To clarify the phylogenetic position of Helicobacteraceae dominantly found in A. amurensis, cloning and sequencing of the 16S rRNA gene were performed on one representative sample, 2014N-MCF-2. Half of the cloned sequences (14 out of 28 sequenced clones; one OTU at the 97% cut-off) were affiliated with the family Helicobacteraceae, and a BLAST search revealed that the representative clone sequence (1,286 bp in length) was most closely related to Helicobacter species, for example, H. marmotae and H. rodentium, but the identity score was low (89%) (Fig. 3). No known environmental clone sequence was more similar to the Helicobacteraceae from A. amurensis. The qPCR results generally confirmed the limited but dominant occurrence of the Helicobacter-related taxon in A. amurensis of Nemuro City (Fig. 1). Likewise, the sequence of almost the full-length (1,348 bp in length) of the 16S rRNA gene of Thiotrichales was determined from A. amurensis (sample ID, 2016N-MCF-K), which was most closely related to some uncultured clone sequences from seawater (up to 97% identity), but distantly related to validly described species, for example, Francisella species (up to 87% identity), sulfur-oxidizing Piscirickettsiaceae species (up to 85% identity), and Candidatus Endoecteinascidia (up to 84% identity) (Supplementary Figure 2).
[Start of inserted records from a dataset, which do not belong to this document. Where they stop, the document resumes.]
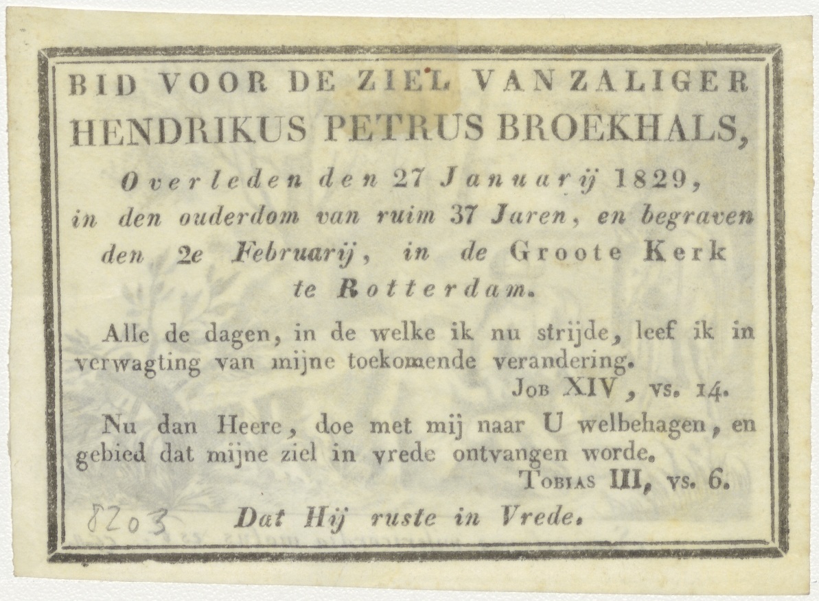 Barmhartige Samaritaan, kz. Bid voor ziel Broekhals (+1829) Rotterdam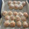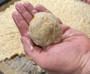 - Versuch eine Mulde zu formen und gebe die Füllung rein. Achtung: Nicht zu großzügig sein, sonst könnt Ihr die Kugel nicht schließen. Aber nach ein paar Kugeln habt Ihr den Dreh raus.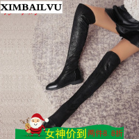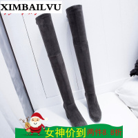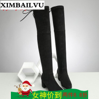 家柏饰(CORATED)靴子防筒高筒过膝靴弹力长靴女不筒固定无痕魔术贴松紧带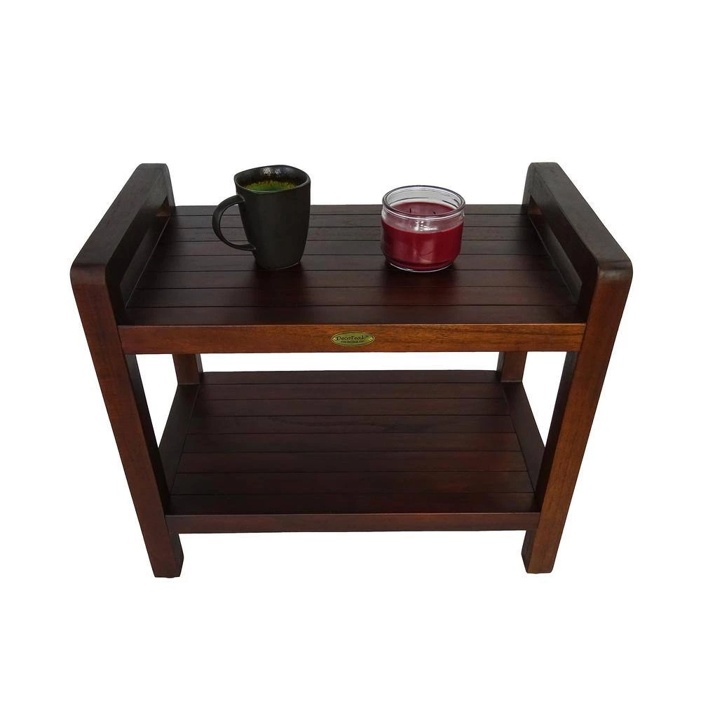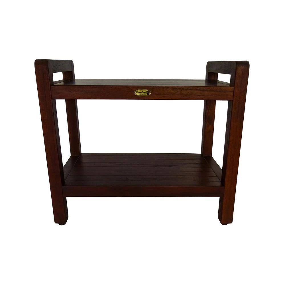 24 in. ergonomic teak shower bench with shelf. LiftAide arms provide support for lifting and sitting from shower chair. Solid teak with slats for water drainage. Adjustable foot pads provide height adjustment for sloped shower floors. Indoor outdoor mold and fungus resistant stain. Use as a shower bench, stool, or shower chair, or use outdoors or indoors. These shower benches have received kudos from healthy young adults, as well as those need a little extra support, mobility, and safety in the shower. Transitioning from standing to sitting is 1 of the most common tasks we do everyday, and also 1 of the most strenuous and physically demanding. Add water, and slippery shower surfaces and you will enjoy the added safety and protection of having support arms provide you. This is the first and only teak shower chair that provides these types of ergonomic and mobility benefits typically found in white plastic medical shower chairs. But DecoTeak shower benches are attractive and modern, and will compliment the most modern of bathrooms, as well as luxurious, while providing the same benefits as medical shower chairs. Some assembly is required, but all tools and hardware is provided, as well as complete instructions and assembly diagrams. All DecoTeak products are provided with a 30-day satisfaction guarantee as well as a 5-year limited warranty.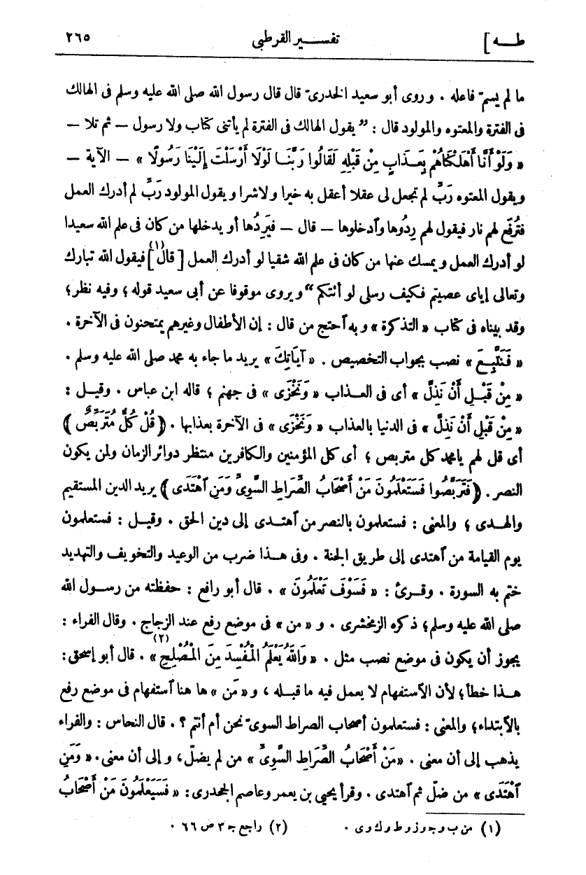 مَا لَمْ يُسَمَّ فَاعِلُهُ. وَرَوَى أَبُو سَعِيدٍ الْخُدْرِيُّ قَالَ قَالَ رَسُولُ اللَّهِ صَلَّى اللَّهُ عَلَيْهِ وَسَلَّمَ فِي الْهَالِكِ فِي الْفَتْرَةِ وَالْمَعْتُوهِ وَالْمَوْلُودِ قَالَ: (يَقُولُ الْهَالِكُ فِي الْفَتْرَةِ لَمْ يَأْتِنِي كِتَابٌ وَلَا رَسُولٌ- ثُمَّ تَلَا-" وَلَوْ أَنَّا أَهْلَكْناهُمْ بِعَذابٍ مِنْ قَبْلِهِ لَقالُوا رَبَّنا لَوْلا أَرْسَلْتَ إِلَيْنا رَسُولًا ٢٠: ١٣٤"- الْآيَةَ- وَيَقُولُ الْمَعْتُوهُ رَبِّ لَمْ تَجْعَلْ لِي عَقْلًا أَعْقِلُ بِهِ خَيْرًا وَلَا شَرًّا وَيَقُولُ الْمَوْلُودُ رَبِّ لَمْ أُدْرِكِ الْعَمَلَ فَتُرْفَعُ لَهُمْ نَارٌ فَيَقُولُ لَهُمْ رِدُوهَا وَادْخُلُوهَا- قَالَ- فَيَرِدُهَا أَوْ يَدْخُلُهَا مَنْ كَانَ فِي عِلْمِ اللَّهِ سَعِيدًا لَوْ أَدْرَكَ الْعَمَلَ وَيُمْسِكُ عَنْهَا مَنْ كَانَ فِي عِلْمِ اللَّهِ شقيا لو أدرك العمل [قال «١»] فيقول الله تبارك وتعالى إياك عَصَيْتُمْ فَكَيْفَ رُسُلِي لَوْ أَتَتْكُمْ (. وَيُرْوَى مَوْقُوفًا عن أبي سعيد قوله وفية نَظَرٌ وَقَدْ بَيَّنَّاهُ فِي كِتَابِ" التَّذْكِرَةِ" وَبِهِ احْتَجَّ مَنْ قَالَ: إِنَّ الْأَطْفَالَ وَغَيْرَهُمْ يُمْتَحَنُونَ فِي الْآخِرَةِ." فَنَتَّبِعَ" ٢٠: ١٣٤ نُصِبَ بِجَوَابِ التَّخْصِيصِ." آياتِكَ" يُرِيدُ مَا جَاءَ بِهِ مُحَمَّدٌ صَلَّى اللَّهُ عَلَيْهِ وَسَلَّمَ." مِنْ قَبْلِ أَنْ نَذِلَّ ٢٠: ١٣٤" أَيْ فِي الْعَذَابِ" وَنَخْزى ٢٠: ١٣٤" فِي جَهَنَّمَ، قَالَهُ ابْنُ عَبَّاسٍ. وَقِيلَ:" مِنْ قَبْلِ أَنْ نَذِلَّ ٢٠: ١٣٤" فِي الدُّنْيَا بِالْعَذَابِ" وَنَخْزى ٢٠: ١٣٤" فِي الْآخِرَةِ بِعَذَابِهَا. (قُلْ كُلٌّ مُتَرَبِّصٌ) ٢٠: ١٣٥ أَيْ قُلْ لَهُمْ يَا مُحَمَّدُ كُلٌّ مُتَرَبِّصٌ، أَيْ كُلُّ الْمُؤْمِنِينَ وَالْكَافِرِينَ مُنْتَظِرٌ دَوَائِرَ الزَّمَانِ ولمن يكون النصر. (فَتَرَبَّصُوا فَسَتَعْلَمُونَ مَنْ أَصْحابُ الصِّراطِ السَّوِيِّ وَمَنِ اهْتَدى) ٢٠: ١٣٥ يُرِيدُ الدِّينَ الْمُسْتَقِيمَ وَالْهُدَى وَالْمَعْنَى: فَسَتَعْلَمُونَ بِالنَّصْرِ مَنِ اهْتَدَى إِلَى دِينِ الْحَقِّ. وَقِيلَ: فَسَتَعْلَمُونَ يَوْمَ الْقِيَامَةِ مَنِ اهْتَدَى إِلَى طَرِيقِ الْجَنَّةِ. وَفِي هَذَا ضَرْبٌ مِنَ الْوَعِيدِ وَالتَّخْوِيفِ والتهديد ختم به السورة. وقرى" فَسَوْفَ تَعْلَمُونَ". قَالَ أَبُو رَافِعٍ: حَفِظْتُهُ مِنْ رَسُولِ اللَّهِ صَلَّى اللَّهُ عَلَيْهِ وَسَلَّمَ، ذَكَرَهُ الزَّمَخْشَرِيُّ. وَ" مَنْ" فِي مَوْضِعِ رَفْعٍ عِنْدَ الزَّجَّاجِ. وَقَالَ الْفَرَّاءُ: يَجُوزُ أَنْ يَكُونَ فِي مَوْضِعِ نَصْبٍ مِثْلَ." وَاللَّهُ يَعْلَمُ الْمُفْسِدَ مِنَ الْمُصْلِحِ" «٢». قَالَ أَبُو إِسْحَاقَ: هَذَا خَطَأٌ، لِأَنَّ الِاسْتِفْهَامَ لَا يَعْمَلُ فِيهِ مَا قَبْلَهُ، وَ" من" ها هنا اسْتِفْهَامٌ فِي مَوْضِعِ رَفْعٍ بِالِابْتِدَاءِ، وَالْمَعْنَى: فَسَتَعْلَمُونَ أَصْحَابَ الصِّرَاطِ السَّوِيِّ نَحْنُ أَمْ أَنْتُمْ؟. قَالَ النَّحَّاسُ: وَالْفَرَّاءُ يَذْهَبُ إِلَى أَنَّ مَعْنَى." مَنْ أَصْحابُ الصِّراطِ السَّوِيِّ ٢٠: ١٣٥" مَنْ لَمْ يَضِلَّ وَإِلَى أَنَّ مَعْنَى." وَمَنِ اهْتَدى ٢٠: ١٣٥

Even with the almost full-length 16S rRNA gene sequence, the Thiotrichales phylotype could not be classified precisely than at the order level.

Figure 3
figure 3

Phylogenetic tree of representative members of the genera Helicobacter and Wolinella inferred from 16S rRNA gene sequences by the neighbour joining method using 856 homologous sequence positions. The accession numbers are shown in parentheses. Bootstrap values (expressed as percentages of 1,000 replications) higher than 50% are shown at branching points. The sequence found in the CF of A. amurensis is shown in bold. The scale bar represents 0.01 substitutions per nucleotide position.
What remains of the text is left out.